The Future For Rapid Manufacturing
Once suitably refined CAD data, resins and rapid prototyping machinery become available, specialist end users will undoubtedly start to realise that with rapid manufacturing, new marketing opportunities will arise. For instance, one imagines that some motor vehicles may be customised for discerning customers, with cockpit trim and accessories tailor made to suit. If that is so, one should expect to see the manufacture of items such as medical equipment, which at the moment is often made in small quantities, becoming more efficient to manufacture using rapid maufacturing technology and, as a result more widely available owing to the dramatic reduction in mould and origination charges.

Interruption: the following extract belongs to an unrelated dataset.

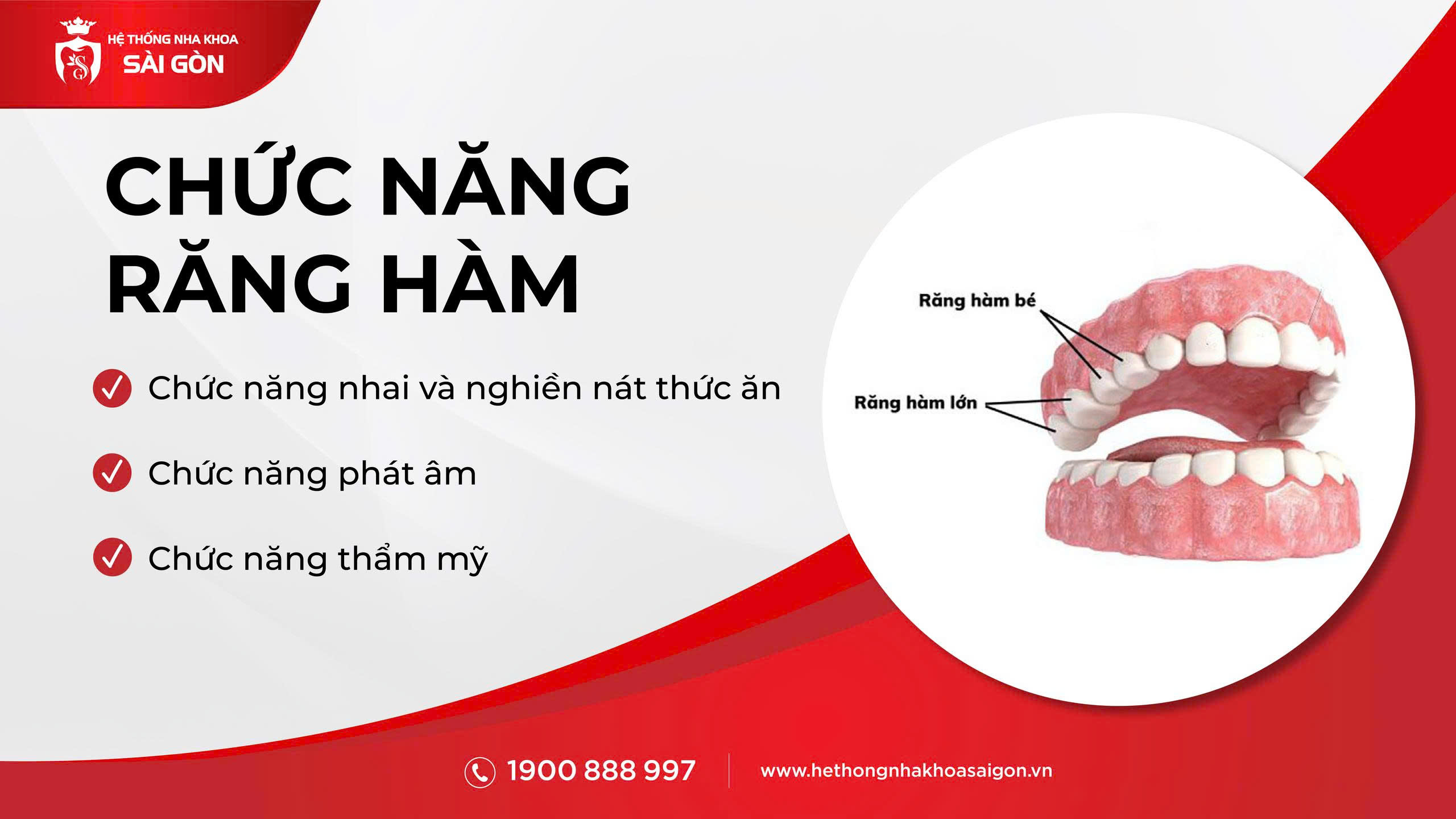 Tại Hệ Thống Nha Khoa Sài Gòn, chúng tôi luôn khuyến khích khách hàng chăm sóc răng hàm như chăm sóc “gốc rễ” của nụ cười. Bởi răng hàm không chỉ giữ vai trò nhai thức ăn mà còn ảnh hưởng trực tiếp đến sức khỏe răng miệng tổng thể.

Advantages of Rapid Manufacturing Techniques
Another distinct advantage of rapid manufacturing, which should soon become apparent, concerns those products that carry the warning ‘we reserve the right to constantly update our product’. This will at last become more meaningful. No longer will ongoing modifications and the improvement of products be influenced by the often prohibitive cost of tooling modifications. Major and minor modifications alike could be a ‘lights out’ operation and, once the CAD data is adjusted, be just the click of a mouse away. Likewise, spare parts will not be items to stock but rather components built on demand.

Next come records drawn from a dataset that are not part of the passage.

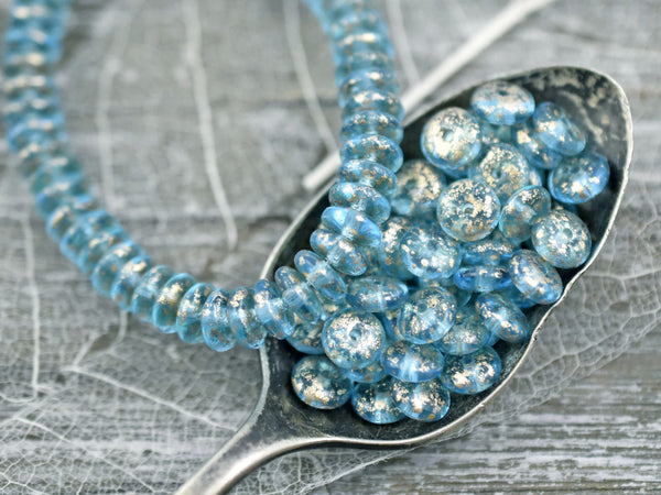 *50* 6x2mm Antique Gold Washed Blue Aqua Smooth Rondelle Beads
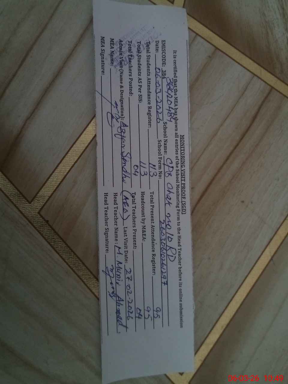 | EMIS Code: 38420484 | Name of School: GPS CHAK NO.10 REMOUNT DEPOT | |||
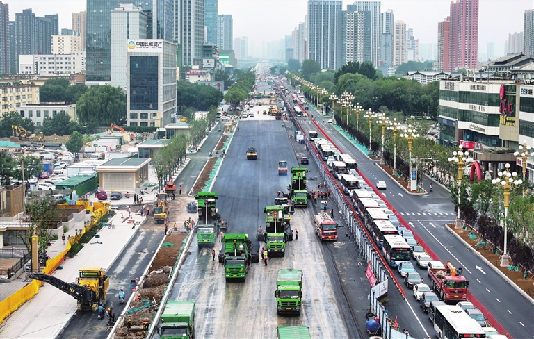 8月5日,迎泽大街维修改造工程进入全面铺油作业阶段。牛利敏 摄
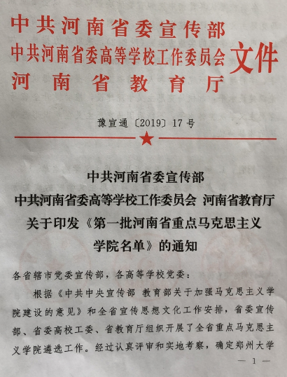 继2017年马克思主义理论学科获教育部评估C_和河南省第9批重点学科后,一路高歌猛进,喜报频传。先是国家社科基金再中1项,实现7年不断线,目前共承担10项国家社科基金项目的辉煌成绩。接着又首次获中河南省教育厅哲学社会科学基础重大科研项目和河南省哲学社会科学优秀学者资助项目2项重大项目,再次,马克思主义理论学位授权点顺利通过学校评估,并获得学校“博士点建设单位”资助。

Flexibility of Rapid Manufacturing Processes
One can then only anticipate that, once rapid manufacturing equipment or its equivalent becomes more developed and universally available, for an appropriate fee, the latest component design data could be downloaded and the replacement or updated components manufactured in house.
No doubt readers will wish to gaze into their own particular crystal ball, and there is little doubt that some of the hundreds of design students studying in UK universities or entering this years’ Institute of Materials, Minerals and Mining - Horners Students Plastics Design Competition will be using RM as a matter of routine within the span of their future careers.